Work order: Exactly as written, output each of the lines below, with no images.

Provided data:
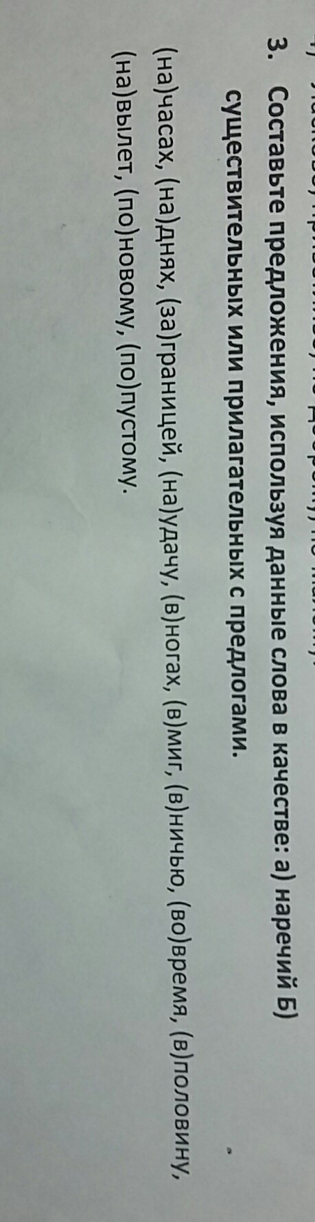 Составьте предложения,используя данные слова в качестве:а)наречий б)существительных или прилагательных с предлогами
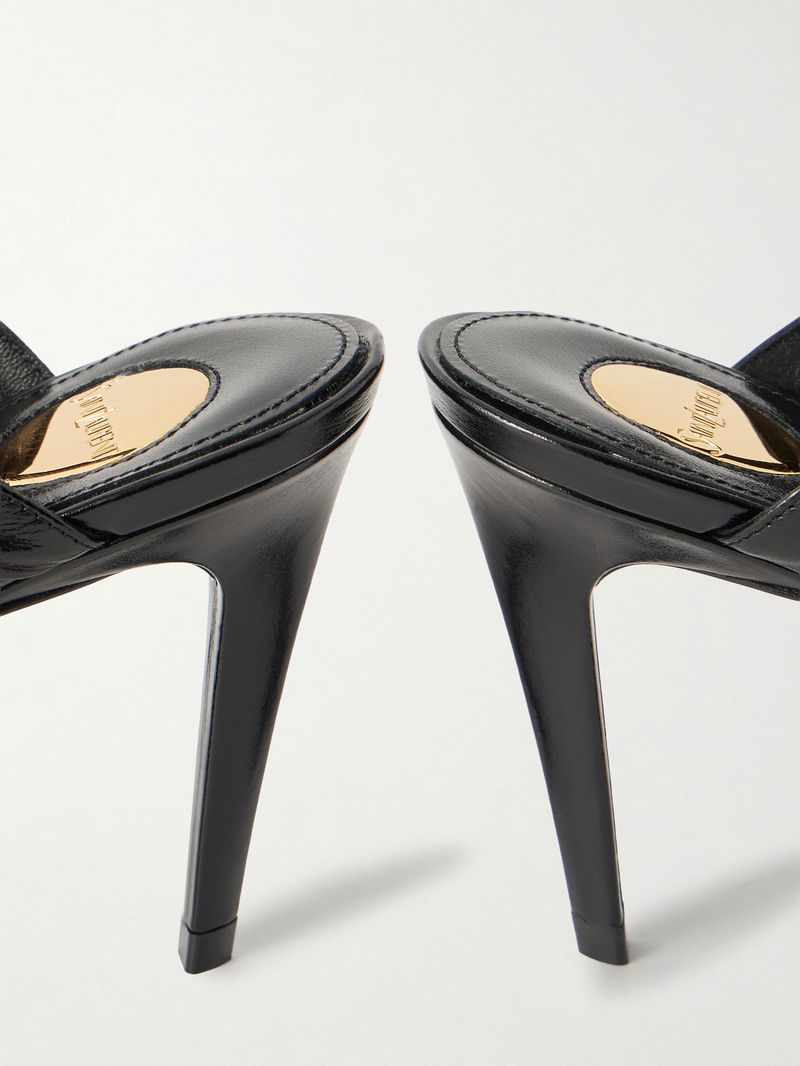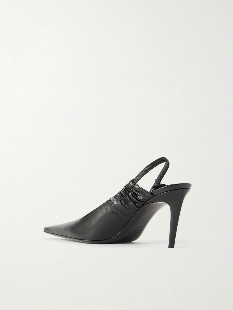 The elongated, squared-off toes on SAINT LAURENT's 'Anne Marie' pumps create the illusion of longer legs. Set on angled 75mm heels, they're made from black glossed-leather and have gathered slingback straps.
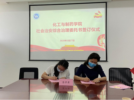 王雪梅与党委副书记周丹签订二级单位社会治安综合治理委托书。

Answer space:
 Составьте предложения,используя данные слова в качестве:а)наречий б)существительных или прилагательных с предлогами
 The elongated, squared-off toes on SAINT LAURENT's 'Anne Marie' pumps create the illusion of longer legs. Set on angled 75mm heels, they're made from black glossed-leather and have gathered slingback straps.
 王雪梅与党委副书记周丹签订二级单位社会治安综合治理委托书。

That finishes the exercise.